The valuable parts of Dresner’s story are the clear depictions of the few saving graces in her struggle with sobriety – work, a semi-committed relationship, and routine. Also, the book reveals the black-and-white excess of the junkie trying to stay clean in clear terms along the way. After all, her thirst for mind-altering experience is far from small. Dresner writes about picking up her soon-to-be boyfriend: “He gets into my car as I am blasting music, chain-vaping and drinking a five-shot latte” (224).
She self-proclaims her “obsessiveness and gluttony” as the addict on a tenuous edge of early sobriety with wit (224). Indeed, therapists working in treatment or with the newly sober will recognize these extremes as an inherent part of the struggle of the first year or more of a client’s recovery.

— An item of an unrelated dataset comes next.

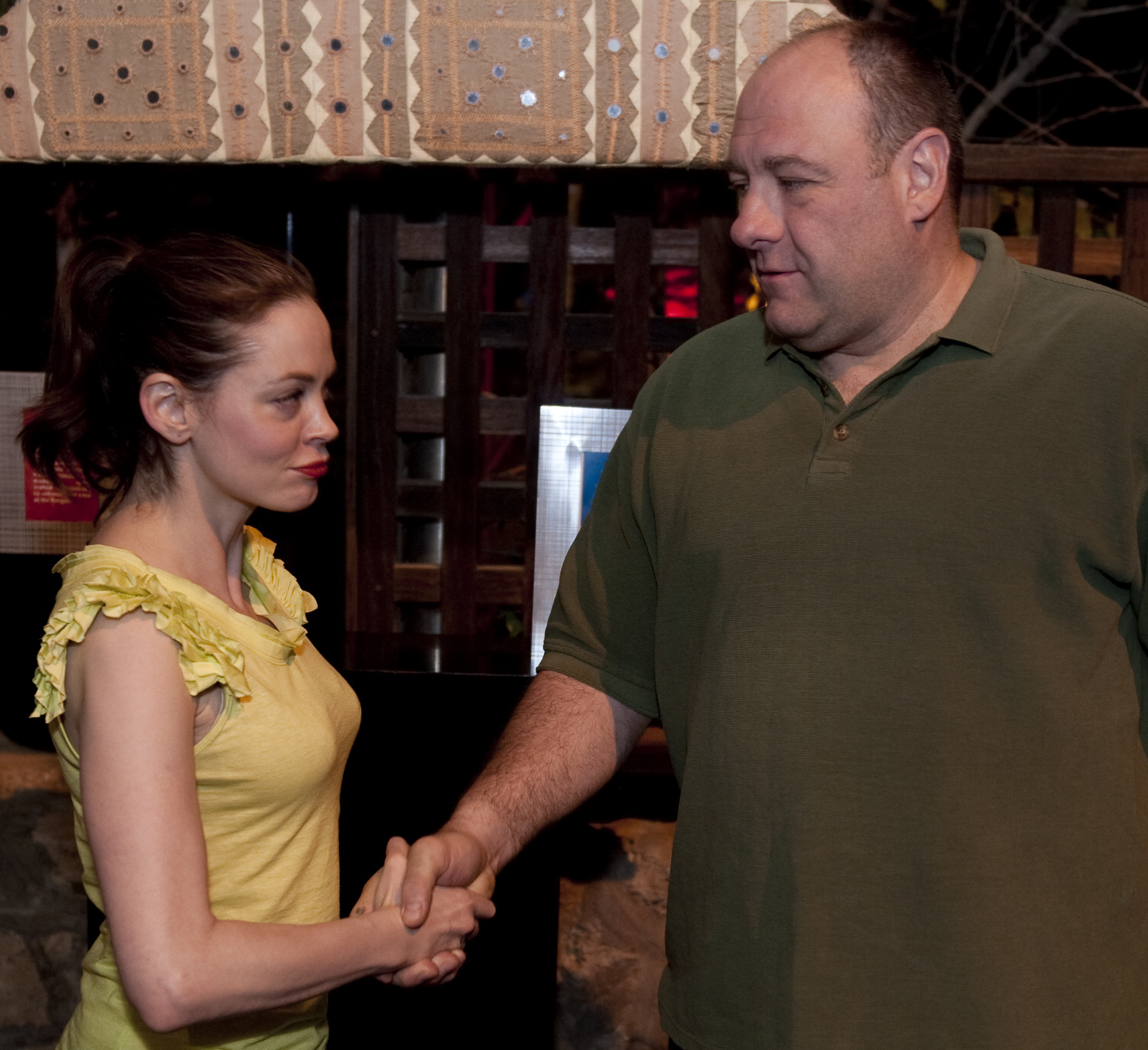 100331-N-0696M-280 Adm. Mike Mullen, chairman of the Joint Chiefs of Staff is greeted by Deborah K. Jones, U.S. Ambassador to Kuwait and Chief of the Kuwaiti Army Lt. Gen. Sheikh Ahmad Al-Khaled in Kuwait City on March 31, 2010. Mullen is accompanying a USO tour in the region with celebrities James Gandolfini and Tony Sirico from HBO's "The Sapranos", New Orleans Saint Jon Stinchcomb and actress Rose McGowan. (DoD photo by Mass Communication Specialist Chad J. McNeeley/Released)

As Dresner battles the inner demons that keep her locked in torturous cycles of relapse and substitute addictions, she sums up her struggles quite succinctly: “When you’re newly sober, you are looking for any distractions from your feelings…After years of numbing out with booze and drugs, suddenly experiencing my raw emotions, with nothing to take the edge off, felt uncomfortably intense” (183).
As an ex-junkie, she admits her difficulty with “being patient or tolerating ambiguity” (209). In fact, the memoir reveals the quintessential black-and-white thinking of the absolutist in every addict. Cognitive distortions abound in this account, and it may help therapists recognize and treat such difficulties in their clients.

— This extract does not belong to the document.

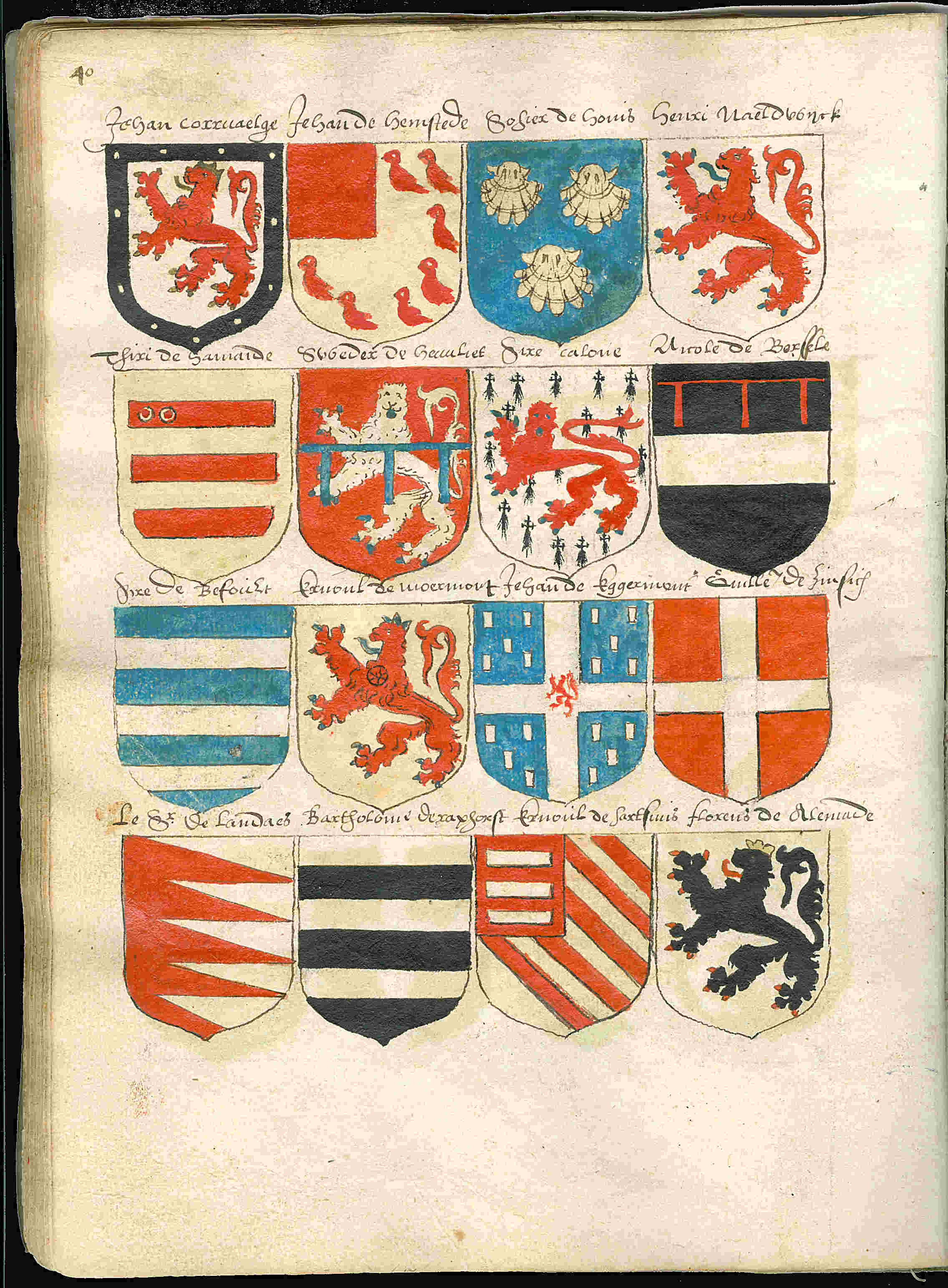 Page 40 from a copy of the Beyeren armorial / Wapenboek Beyeren from ca. 1600. The original Beyeren armorial from 1405 can be viewed at the website of the KB

Beyond the lingering challenges of what some might call her “addictive personality,” Dresner also reveals the coping skills that have helped her tame the beast of addiction. After being sentenced to community service on the streets of Hollywood, she is quite indignant at first. As time and routine kick in, however, she finds an unexpected and long-awaited solace. Dresner learns quickly that having structure helps with emotion regulation. At the end of the community service experience, she is happy to find that, “I finally have a work ethic…miracles do happen!” (66).
Dresner has stumbled upon a key to the success of clients in early sobriety; structure, routine, and hard work. As therapists, this lesson can inform our approach and provide a crude roadmap for sustainable sobriety. What’s more, by the end of the book, she is finally “feeling” her feelings, which she had been numbing through drugs and other process addictions. Indeed, a primary goal for many of our clients – whether they are addicts or not -- is to be mindful of emotions and communicate them authentically in interpersonal relationships.

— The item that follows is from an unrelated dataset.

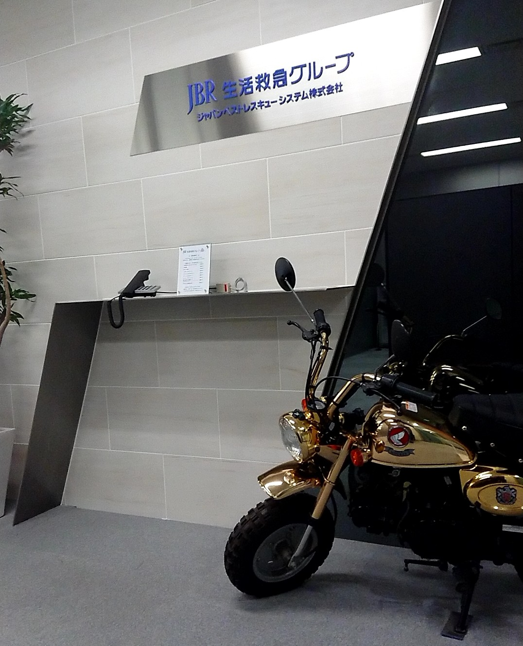 company photo

By the end, Dresner appears to be gaining a touch of emotional intelligence as well as sober time. For the therapist who hopes to provide skills and insight to struggling clients, listen closely. True-to-life, Amy Dresner might be the fairest junkie of them all – just don’t be surprised if you are shocked by the desperation and courageous rise of the protagonist in this modern “fairy tale.”
Citation: Dresner, A. (2017). My Fair Junkie: a Memoir of Getting Dirty and Staying Clean. New York, NY: Hachette Books.
Republished from the LA CAMFT November Newsletter.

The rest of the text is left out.